The parcel had been pastureland from the 19th century into the early years of the 20th, when the farm was abandoned. The land had lain idle since, at least in terms of human use. Like most abandoned land on Cape Cod, the pasture was eventually claimed first by the pines and scrub oak, and later by the taller oaks. Several large pines remained on the parcel, but the land now belonged to the oaks above and the huckleberry below. It was, by today’s standards of significance, an insignificant habitat, and would fall flat at the feet of the regulatory body.

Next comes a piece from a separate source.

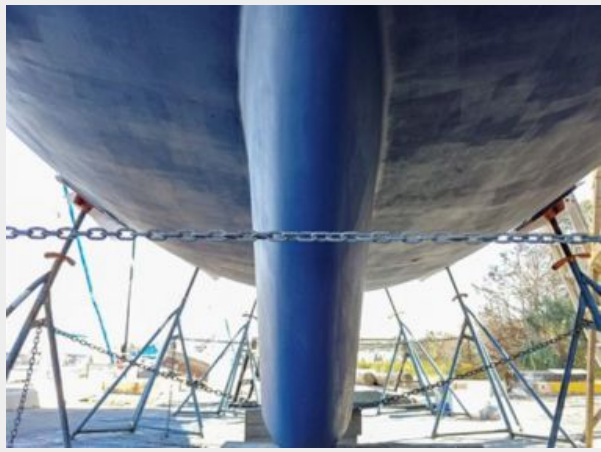
007 1989 Sabre Mark II Centerboard Keel Centerline

The pasture it used to be could well have been significant. Pastureland is grassland, and grasslands on Cape Cod often are reservoirs of the very rare, like the now-lost heath hen. A member of the grouse family, the heath hen once ranged from southern New Hampshire to Virginia. It was so over-hunted that by 1835 it was only found on Martha’s Vineyard. There it depended on grassy sandplain habitat kept open by naturally occurring fires, which prevented succession to forest. From the cover of low pitch pines and scrub oak, both fire-adapted trees, the hen foraged in the adjacent pastures and heaths. The bird was last seen in 1932.
No sandplain rarity will find a home in our insignificant woodland parcel. The pasture is long gone, and any lingering scrub oak openings have been closed by the white and black oak canopy.
This does not mean the woodland has run out of possibilities. Tucked away in its hollows, where the soil is moist, dark, and rich, are pockets of young beech, hickory, and holly. Eventually, these trees could dominate this woodland along with the oaks, and a new order of groundcover – including orchids, ferns, and clubmosses – would replace the monotonous huckleberry. This community also has its share of rarities and is itself a significant habitat. All our woodland parcel needs to produce it is time.
But time isn’t on this woodland’s side. The fate of this land won’t be decided by its history or its potential natural riches, but by today’s economics. Because we value this woodland for its commercial potential and not as an evolving forest, we not only ignore its possibilities; we lose them. It isn’t just the trees that are replaced but also the soil and its seed bank.
Unlike the forest’s recovery from the pasture phase, it will not return from residential and commercial development. These are the final uses.